Records excerpted from a collection:
______
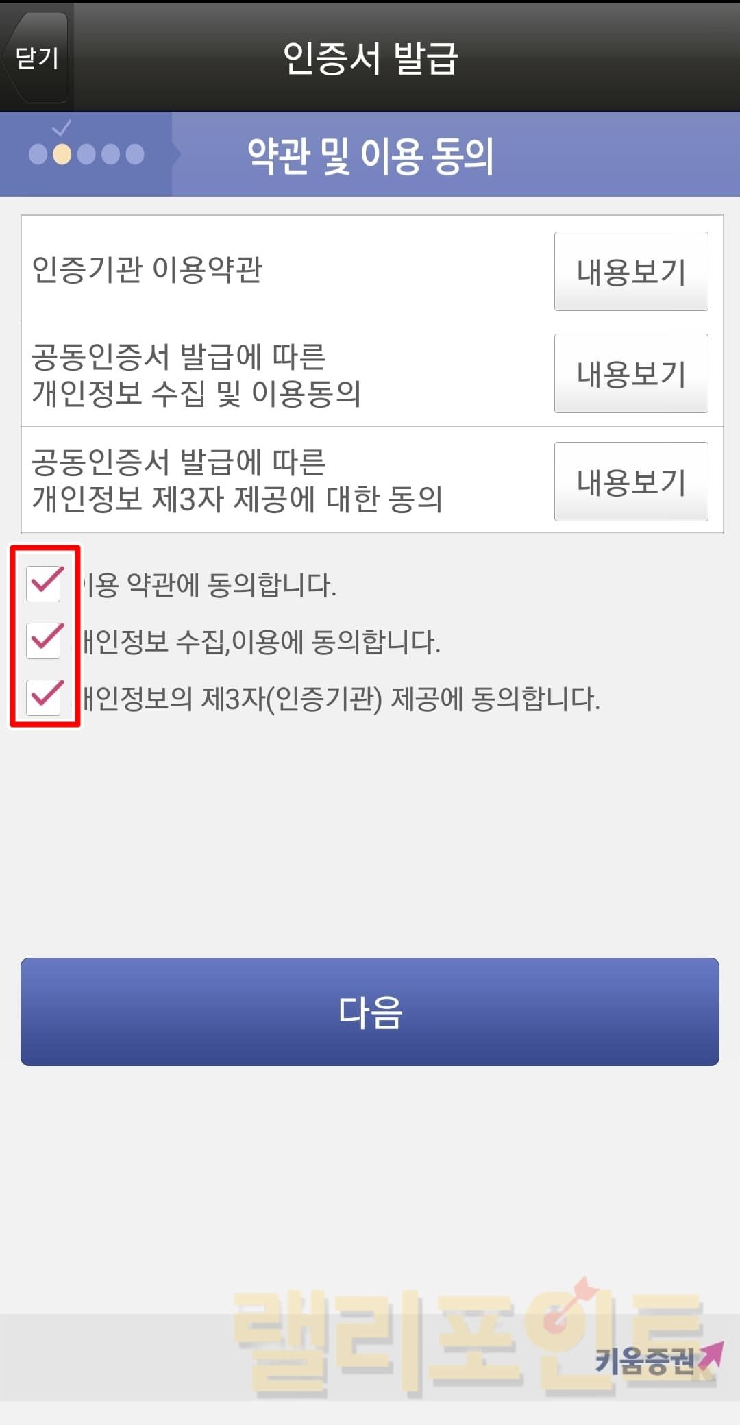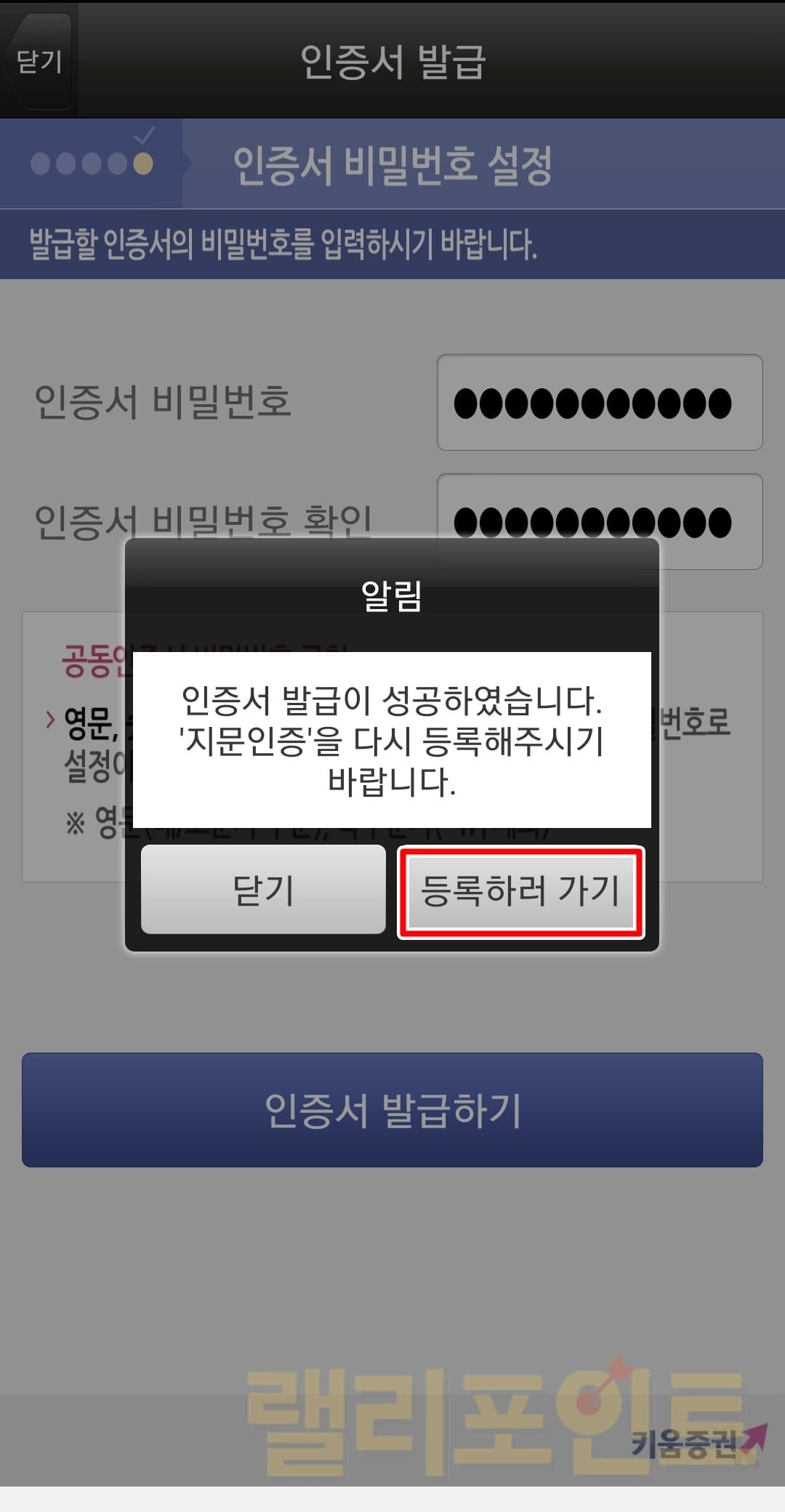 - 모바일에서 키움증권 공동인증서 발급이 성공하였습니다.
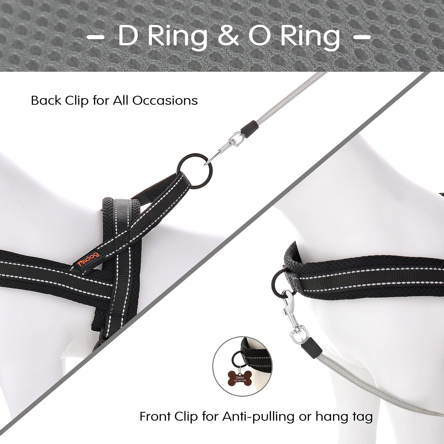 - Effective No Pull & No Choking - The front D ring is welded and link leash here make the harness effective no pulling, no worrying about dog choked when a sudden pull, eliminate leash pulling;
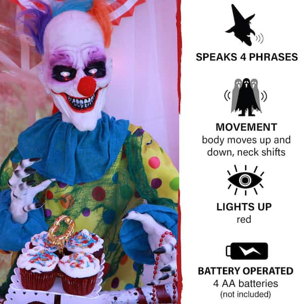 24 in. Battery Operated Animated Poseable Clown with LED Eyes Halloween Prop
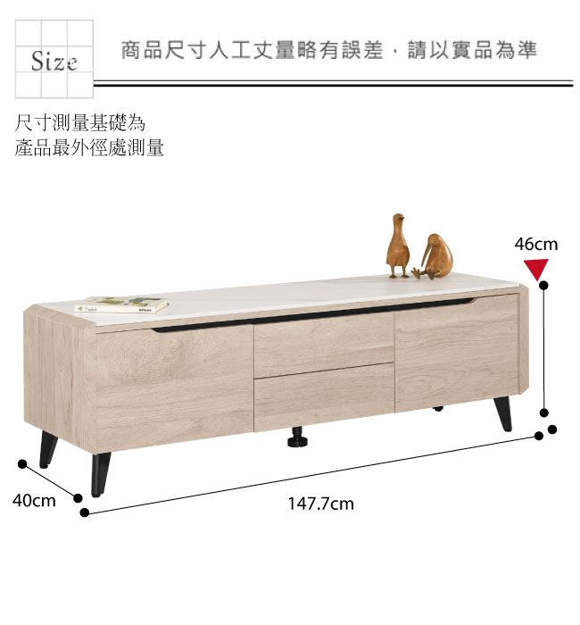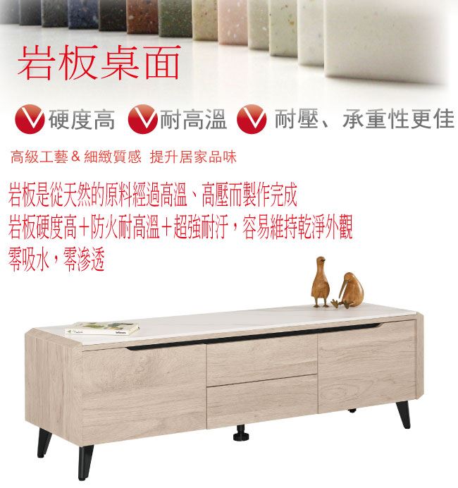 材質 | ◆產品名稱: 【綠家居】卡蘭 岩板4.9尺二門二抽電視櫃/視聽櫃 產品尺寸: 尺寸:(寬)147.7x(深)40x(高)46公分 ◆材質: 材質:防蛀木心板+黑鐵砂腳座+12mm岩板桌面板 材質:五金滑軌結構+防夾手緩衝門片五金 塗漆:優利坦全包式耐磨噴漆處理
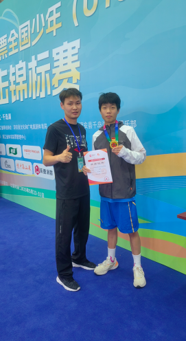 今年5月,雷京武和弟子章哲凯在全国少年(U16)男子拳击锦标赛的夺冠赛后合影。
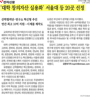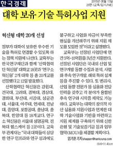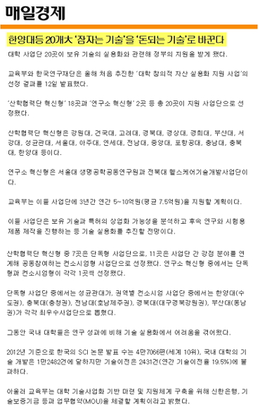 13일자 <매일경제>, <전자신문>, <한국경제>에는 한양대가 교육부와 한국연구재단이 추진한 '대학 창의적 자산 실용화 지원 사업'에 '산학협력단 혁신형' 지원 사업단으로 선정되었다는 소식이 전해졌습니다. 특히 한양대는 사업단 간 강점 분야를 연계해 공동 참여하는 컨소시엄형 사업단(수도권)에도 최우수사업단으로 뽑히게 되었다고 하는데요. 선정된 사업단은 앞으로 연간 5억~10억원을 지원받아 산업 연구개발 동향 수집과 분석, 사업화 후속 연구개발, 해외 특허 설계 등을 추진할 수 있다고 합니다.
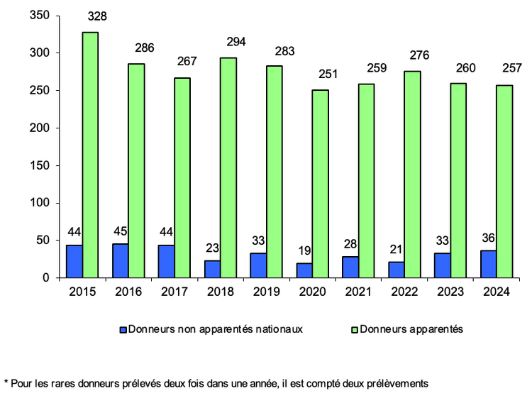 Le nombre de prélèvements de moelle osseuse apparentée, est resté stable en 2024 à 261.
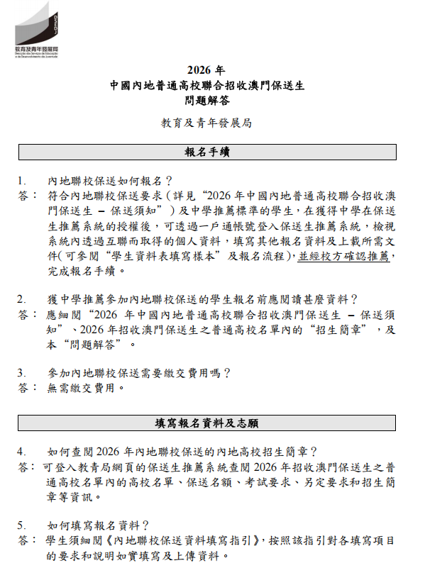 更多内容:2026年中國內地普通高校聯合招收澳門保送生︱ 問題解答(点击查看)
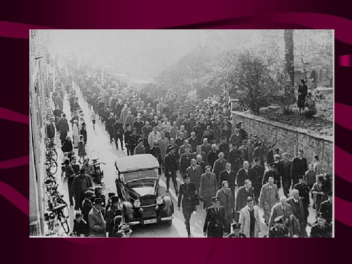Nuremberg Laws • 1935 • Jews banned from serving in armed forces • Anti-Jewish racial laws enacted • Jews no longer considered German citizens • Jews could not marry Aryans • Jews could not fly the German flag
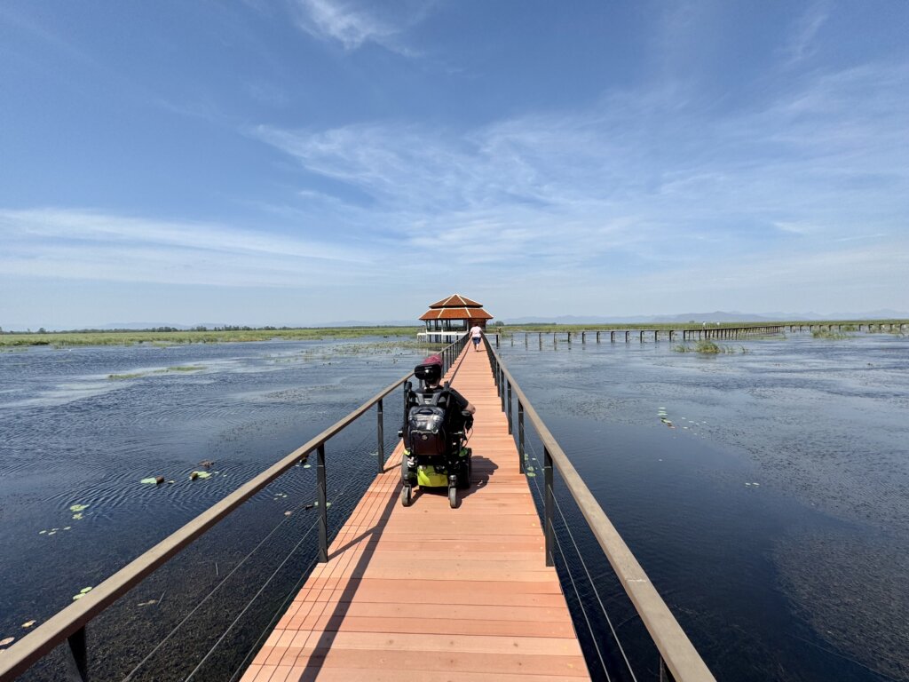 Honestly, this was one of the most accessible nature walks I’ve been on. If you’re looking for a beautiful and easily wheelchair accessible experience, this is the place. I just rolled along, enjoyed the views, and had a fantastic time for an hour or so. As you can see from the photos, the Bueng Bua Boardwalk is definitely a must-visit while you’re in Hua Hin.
______
* **WHAT TO WORK ON**: Your output should be the records above, duplicated exactly and picture-free.

* **EXERCISE ANSWER**:
 - 모바일에서 키움증권 공동인증서 발급이 성공하였습니다.
 - Effective No Pull & No Choking - The front D ring is welded and link leash here make the harness effective no pulling, no worrying about dog choked when a sudden pull, eliminate leash pulling;
 24 in. Battery Operated Animated Poseable Clown with LED Eyes Halloween Prop
 材質 | ◆產品名稱: 【綠家居】卡蘭 岩板4.9尺二門二抽電視櫃/視聽櫃 產品尺寸: 尺寸:(寬)147.7x(深)40x(高)46公分 ◆材質: 材質:防蛀木心板+黑鐵砂腳座+12mm岩板桌面板 材質:五金滑軌結構+防夾手緩衝門片五金 塗漆:優利坦全包式耐磨噴漆處理
 今年5月,雷京武和弟子章哲凯在全国少年(U16)男子拳击锦标赛的夺冠赛后合影。
 13일자 <매일경제>, <전자신문>, <한국경제>에는 한양대가 교육부와 한국연구재단이 추진한 '대학 창의적 자산 실용화 지원 사업'에 '산학협력단 혁신형' 지원 사업단으로 선정되었다는 소식이 전해졌습니다. 특히 한양대는 사업단 간 강점 분야를 연계해 공동 참여하는 컨소시엄형 사업단(수도권)에도 최우수사업단으로 뽑히게 되었다고 하는데요. 선정된 사업단은 앞으로 연간 5억~10억원을 지원받아 산업 연구개발 동향 수집과 분석, 사업화 후속 연구개발, 해외 특허 설계 등을 추진할 수 있다고 합니다.
 Le nombre de prélèvements de moelle osseuse apparentée, est resté stable en 2024 à 261.
 更多内容:2026年中國內地普通高校聯合招收澳門保送生︱ 問題解答(点击查看)
Nuremberg Laws • 1935 • Jews banned from serving in armed forces • Anti-Jewish racial laws enacted • Jews no longer considered German citizens • Jews could not marry Aryans • Jews could not fly the German flag
 Honestly, this was one of the most accessible nature walks I’ve been on. If you’re looking for a beautiful and easily wheelchair accessible experience, this is the place. I just rolled along, enjoyed the views, and had a fantastic time for an hour or so. As you can see from the photos, the Bueng Bua Boardwalk is definitely a must-visit while you’re in Hua Hin.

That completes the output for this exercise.